The settling parties had agreed to a "distribution protocol" which set out three levels of compensation based on three levels of physical injury. The protocol also called for income loss compensation, but only up to a maximum of $5,000 per claimant. The Court considered the case of the objecting class member, as an example of a sub-class of claimants, and found that given her level of loss, the "distribution protocol" would not sufficiently compensate her. She was a professional model and had suffered income loss due to her injuries. While recognizing that the court's role is to approve or refuse to approve a proposed settlement, and not to transform an agreed-upon settlement, the Court said it is possible for a court to "adjust some of the details of a proposed settlement in a way that does not undermine the settlement overall (para. 25)." All counsel agreed that "that the Distribution Protocol [was] open to the court's readjustment so long as the settlement amount and the general structure of the proposed settlement remain[ed] intact" (para. 25). The parties also agreed that there was flexibility in the cap set on income loss compensation.

The Court ultimately found that to make the proposed settlement fair and reasonable, while also preserving the overall settlement distribution for the rest of the class, the maximum amount for income loss that could be awarded per claimant should be raised to $20,000.

Further, given that the class action was to continue against the non-settling defendant, and there were identical proceedings in British Columbia and Ontario, the Court ordered a permanent stay of proceedings with respect to the Ontario action. The Court found that there was no injustice to the plaintiff in ordering a stay of the Ontario action given that the identical claim would proceed in British Columbia. The Court also noted that a permanent stay of proceedings was warranted in the circumstances because it puts the onus on the plaintiff to restart the Ontario action if the circumstances necessitate it. In the ordinary course, a stay of proceedings would mean that the non-settling defendant would have to bring a motion to dismiss the Ontario claim, once the British Columbia claim had been finally resolved. The Court stated that since "the settlement has left open the B.C. proceedings against Canderm [the non-settling defendant], it is appropriate for the Plaintiff to bear the onus of re-starting any future proceedings in Ontario and not for Canderm to bear the onus of finally ending them (para. 40)."
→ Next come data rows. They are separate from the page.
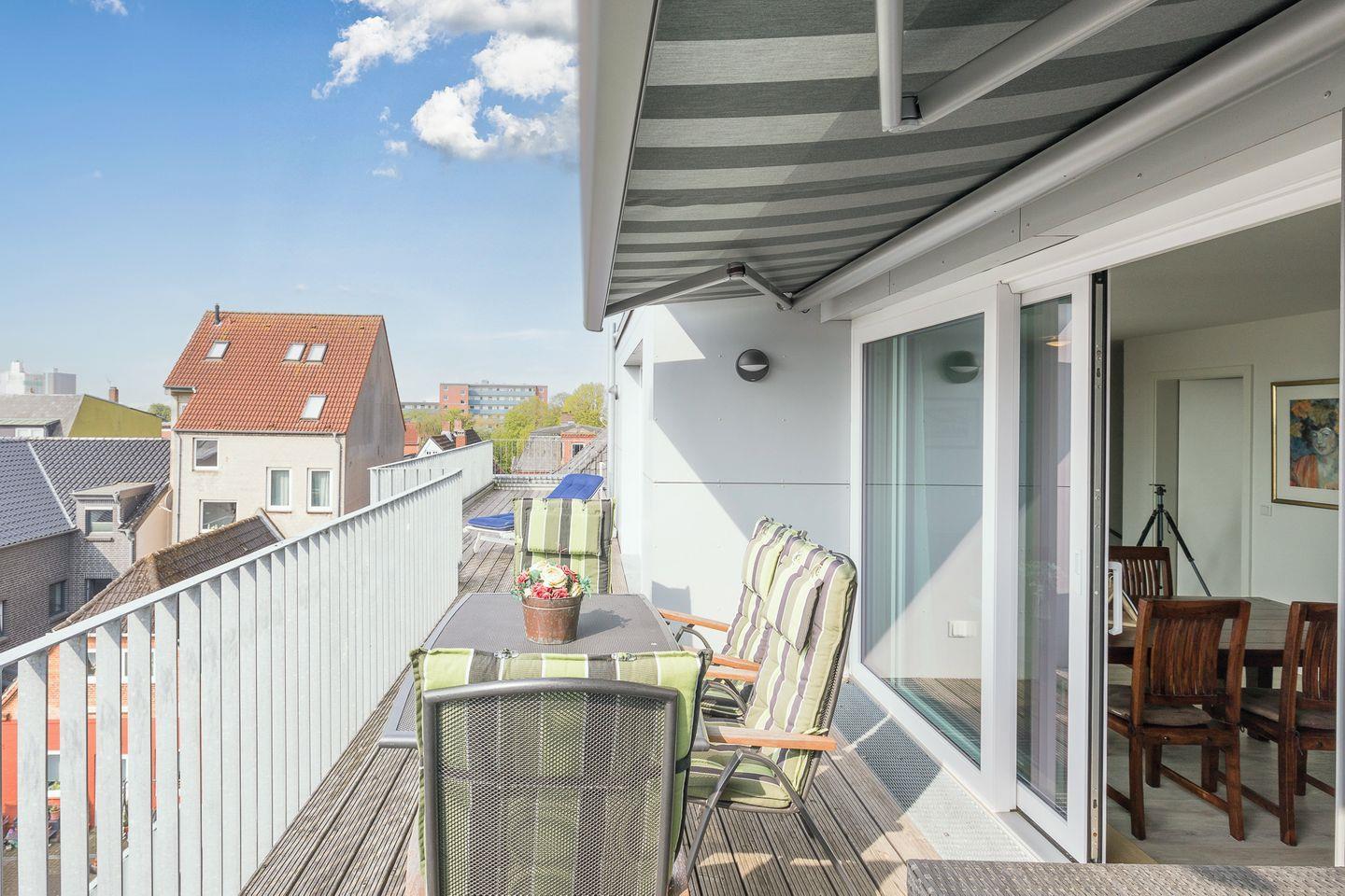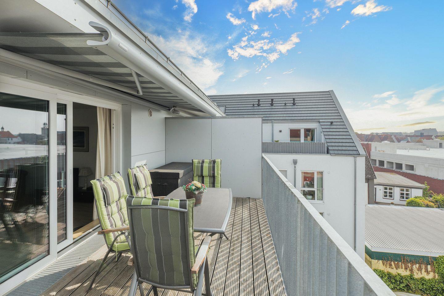 Auf der großen Dachterrasse können Sie über den Dächern von Husum den Tag gemütlich auf komfortablen Gartenmöbeln ausklingen lassen.
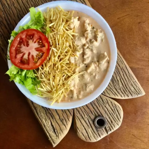 Frango desfiado, cenoura ralada, milho, azeitona, temperos, maionese da casa & finalizado com batata palha.
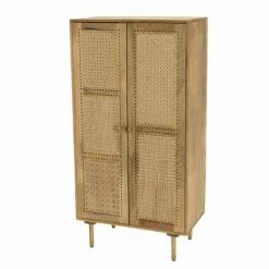 MACABANE ISA – Meuble Marron 2 Portes Bois De Jamelonier Et Cannage Couleur Naturelle – Marron
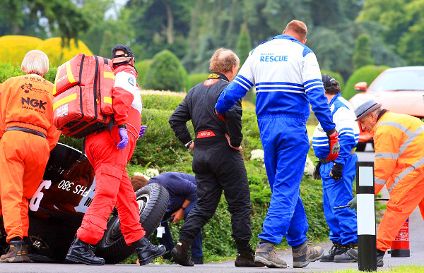 Nem volt nagyon sikeres a hétvégéje, hiszen rögtön a szombat reggeli első edzésen felborult az autójával, az esetről Mike Dodman készített látványos fényképeket. Bukókeret híján csak a ruhája és bukósisakja óvta a sofőrt, aki ugyan saját magától mászott ki a felborult autó alól, és gyalog ment a mentőhöz, de aztán a kórházban olyan sérüléseket állapítottak meg az orvosok, hogy az intenzív osztályra utalták be. Ezt hétfő reggel elhagyhatta, állapota stabil, de még mindig kórházban van megfigyelés alatt.
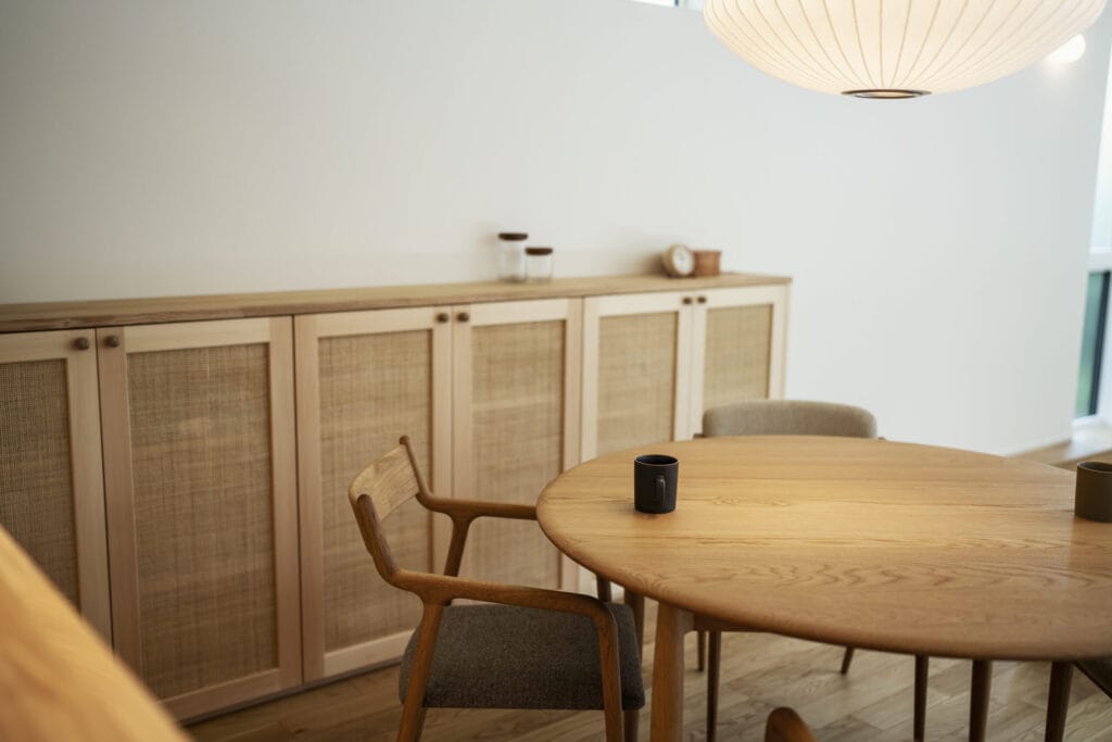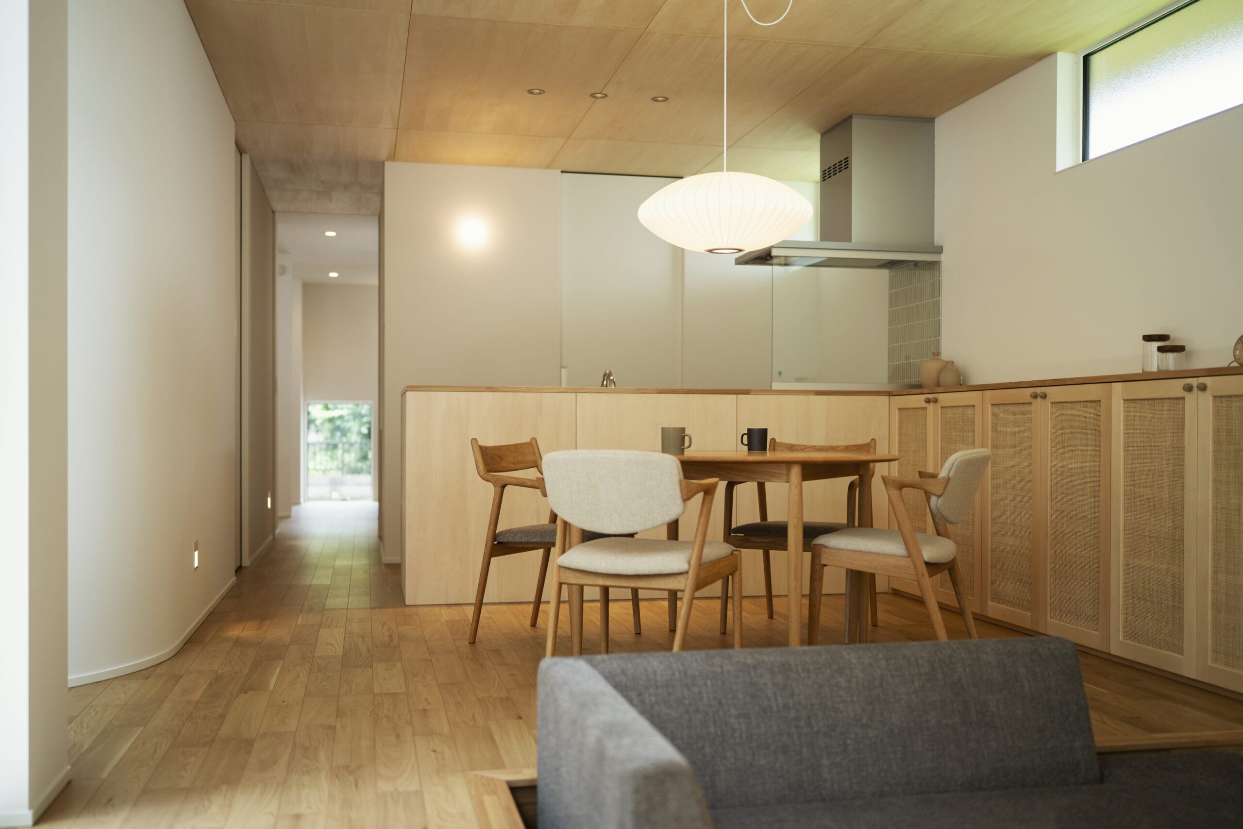 ラタンの建具と優しい色合いに癒され、人目を気にせずに過ごせる、光と影が美しい住まいです。
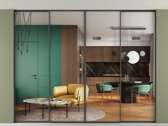 Алюминиевые перегородки имеют единый профиль с алюминиевыми дверьми и легко сочетаются в одном пространстве, не перегружая его. Также их можно комбинировать в интерьере с полотнами из нашего стандартного ассортимента. Помимо этого, система алюминиевых перегородок и дверей координируется со стеновыми панелями Волховец.
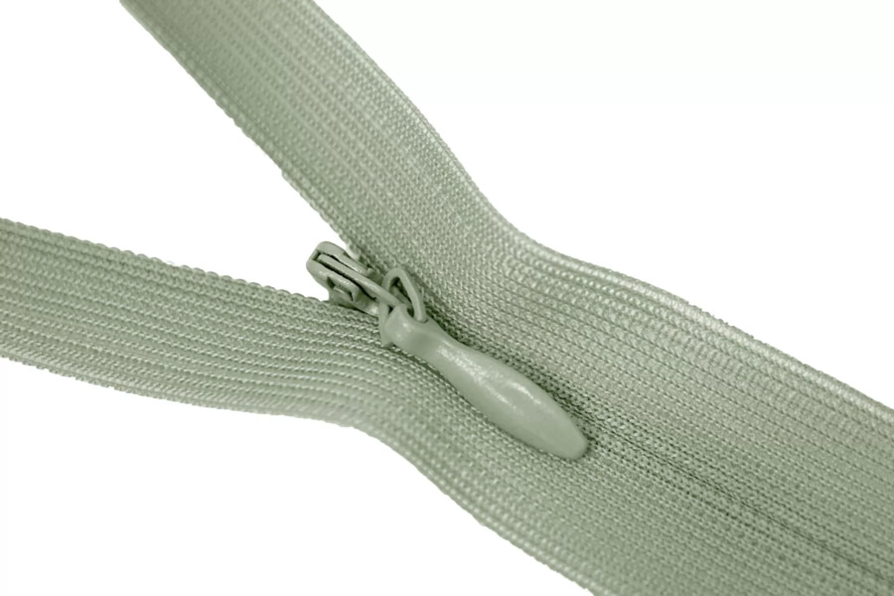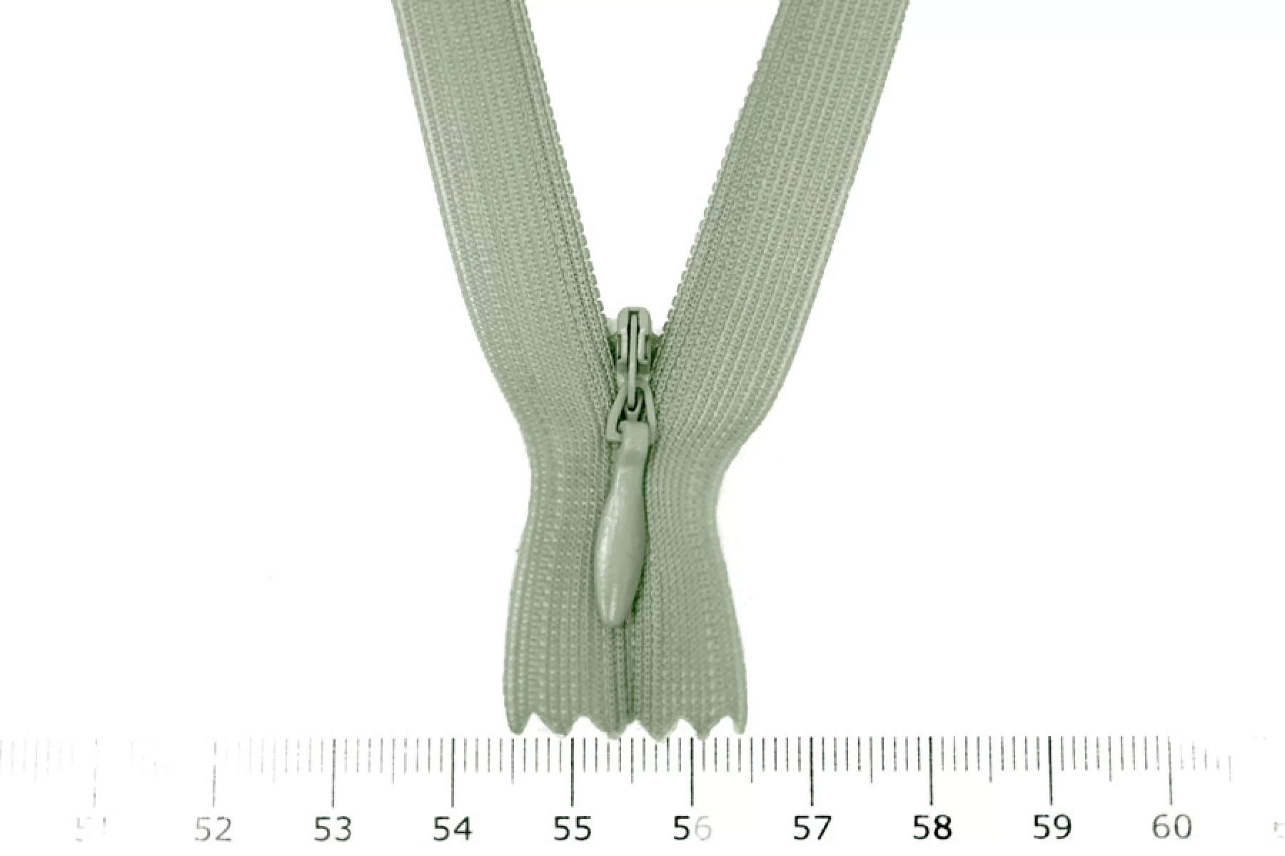 Потайная молния мятного цвета , длина 18 см. Слайдер и пуллер - метал. в цвет молнии. Ширина молнии 2.2 см , ширина зубцов 4мм.
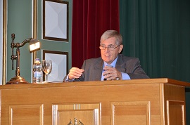 El General Blas Oliver ha pronunciado la ponencia inaugural del ciclo conferencias de la Cátedra Cervantes 2017-2018 haciendo un repaso de los 90 años de historia de la estancia de la AGM en Zaragoza. En su intervención ha destacado de los primeros años de funcionamiento la importancia que tuvo la figura del Coronel Miguel Campins como Jefe de Estudios, al que se le atribuyen muchos de los avances pedagógicos que se aplicaron en el centro.
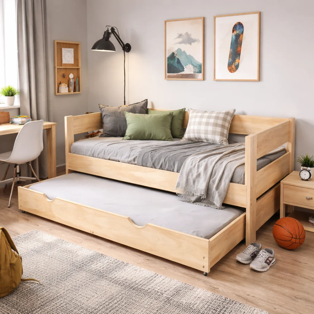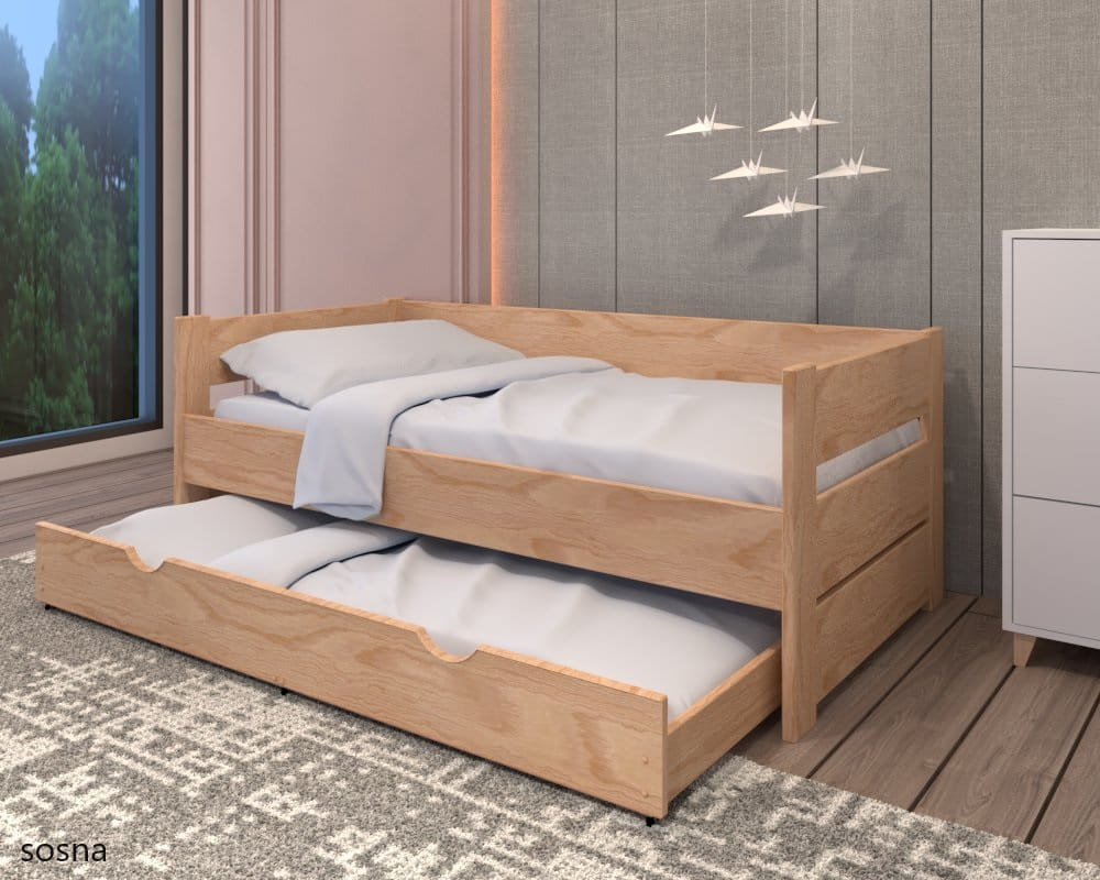 To najwyższej jakości drewniane łóżko podwójne wysuwane wykonane w 100% z drewna sosnowego Premium.
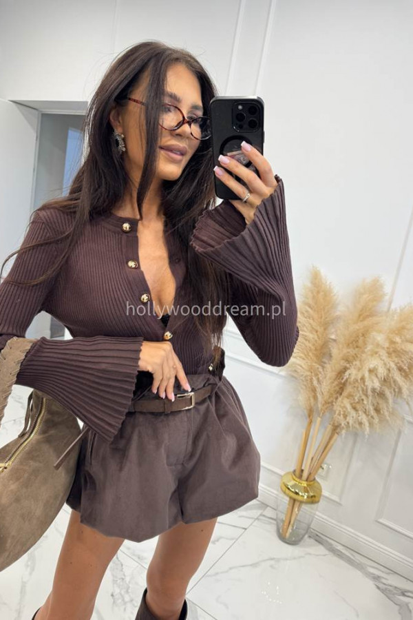 - Sweterek z rozszerzanymi rękawami i pozłacanymi guzikami czekoladowy KLARA
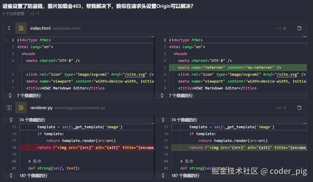 继续 Vibe,发现图片加载不出来,😄 这种大概率是 "图片防盗链",一般是检查 请求头 中的 Referer,如果是 第三方域名,就会返回 403:
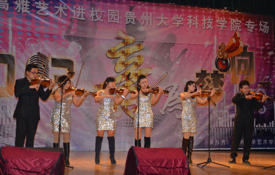 新闻网讯(记者团 白清慧 吴道萍 实习记者 宋露芳 何亚男 报道|摄影 石新德 李光艳)12月6日晚,由省教育厅主办, 贵州大学艺术学院承办的“贵州省高雅艺术进校园”再次进驻科技学院大礼堂,科技学院院长范泽均、院党委副书记罗聃宁及几百名师生共同享受了这场视听盛宴。
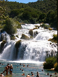 A vízesés egy csoda! A vízesés mellett működő eszközökkel bemutatják, mire lehet használni a víz erejét. Körbesétáltuk, délután 3 órakor értünk vissza a strandra. Fürödtünk egyet – a víz “hűvös” – irány vissza a kikötőbe. Lefelé már nem volt túl rózsás a helyzet, egy órát várunk, hogy feljussunk a hajóra. A parkolásért legomboltak rólunk újabb 45 kunát kocsinként. Hazafelé betévedtünk Sibenikbe, újabb dugó. Trogir-Seget halászfaluban vártak a többiek. Itt beszéltük meg a halvacsorát. Este nyolckor ültünk be az étterembe, ha hiszitek, ha nem fáztunk! Tengeri herkentyűket ettünk, szerintem nem drágán. Fekete kagyló 30, rántott tintahal 35, 3 féle tengeri halból készült tál 45 kuna.
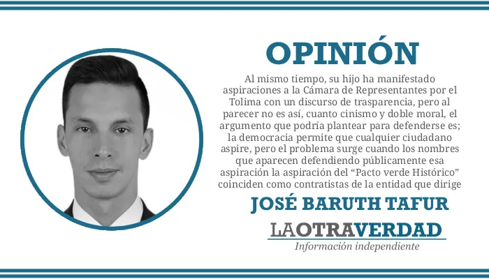 Al mismo tiempo, su hijo ha manifestado aspiraciones a la Cámara de Representantes por el Tolima con un discurso de trasparencia, pero al parecer no es así, cuanto cinismo y doble moral, el argumento que podría plantear para defenderse es; la democracia permite que cualquier ciudadano aspire, pero el problema surge cuando los nombres que aparecen defendiendo públicamente esa aspiración la aspiración del “Pacto verde Histórico” coinciden como contratistas de la entidad que dirige su padre.
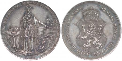 Lerch J.D. - Ag medaile na korunovaci v Praze, 1836 Postava zpředu, Hradčany, koruny / n korunov. štítu český lev, opis, Ag 35 mm, 17.47 g, Nov.XVIII/H-2b, Mo, .2562, Do.3142, ČS.1492
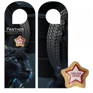 Artikel-Nr: FNM01965Türhänger aus Papier. Werbeanbringung als Direktdruck in 4c individuell bedruckbar. Zutaten Lübecker Marzipansterne: Zucker, Mandeln gemahlen(37%), Kakaomasse, Wasser, Kakaobutter, Emulgator: Lecithin (E 322), Feuchthaltemittel: Invertase (E 1103).
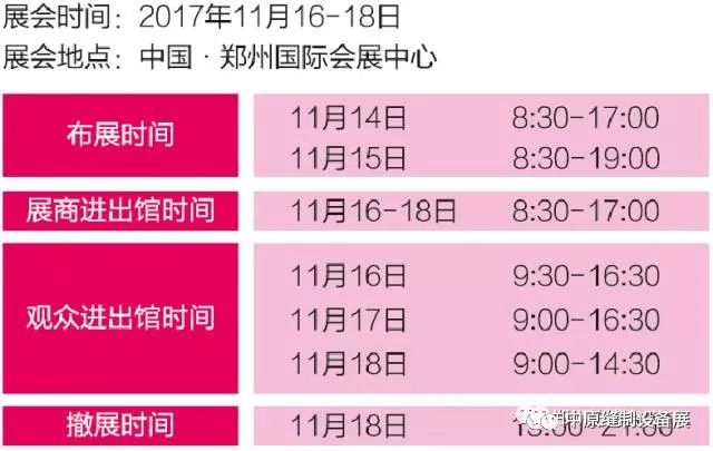 通知:2017中原(郑州)国际缝制设备展展会时间已过半,展会闭幕时间为20171118900-1430,未参观的观众朋友可以在明天(18号)上午到会参观采购。
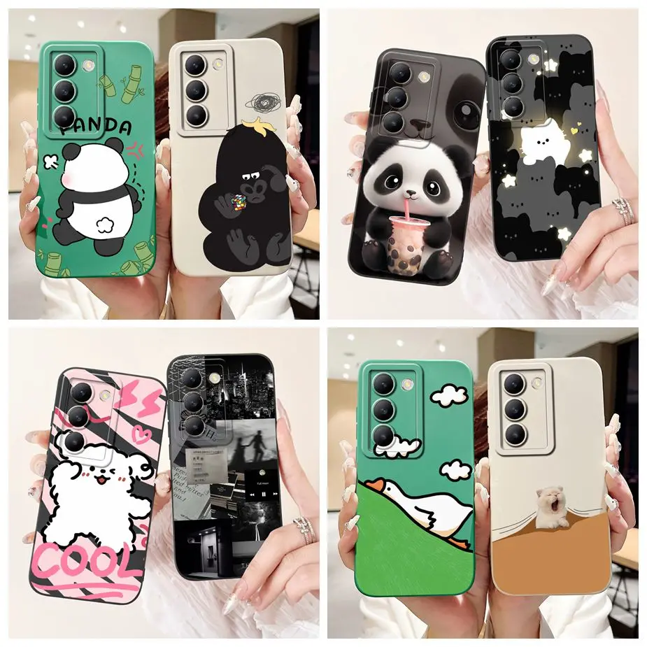 Para Vivo Y100 5G funda V2327 funda de dibujos animados de animales bonitos funda de teléfono de silicona suave para Vivo Y200e 5G V2336 VivoY100 bolsas de contraportada
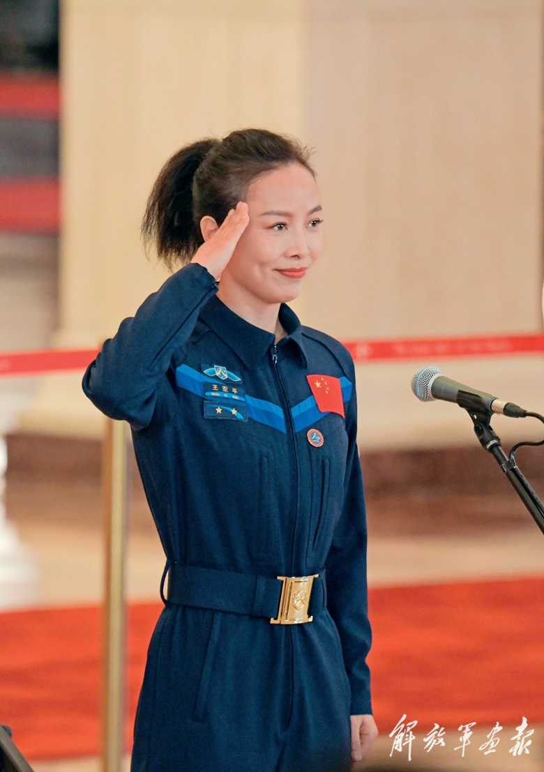 開幕會前,王亞平代表在“黨代表通道”接受采訪。(攝影/記者 穆瑞林)
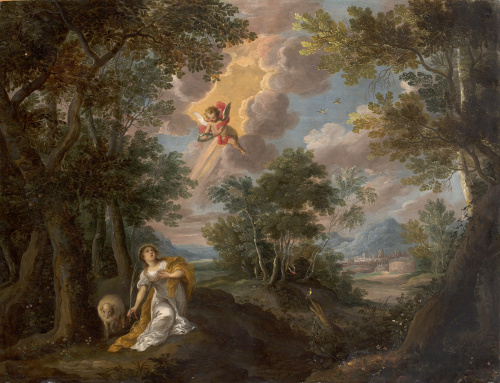 500. ATRIBUIDO AL ANAGRAMISTA A. W. (Esc. flamenca, siglo XVII)Santa Inés en un paisaje.

Finally, the non-settling defendant sought a "bar order" which would preserve its procedural rights that might otherwise be lost once the settling defendants were out of the action. Specifically, the non-settling defendant and the plaintiff would not be entitled to full documentary and oral discovery as they would be if the settling defendants remained in the action. While the plaintiff was a party to the settlement and chose to forgo these rights as a feature of the settlement, the non-settling defendant was not a party to the settlement and would suffer an injustice as a result of it. The court applied the test articulated by the Ontario Superior Court of Justice in Ontario New Home Warranty Program v Chevron, and made a bar order which carved out the non-settling defendant's procedural rights in the remaining action.

Overall, this decision is helpful in understanding the court's role in approving settlements under the Class Proceedings Act and its limited ability to adjust settlement proposals. It further highlights the commitment to achieving judicial efficiency and procedural fairness vis à vis non-settling defendants.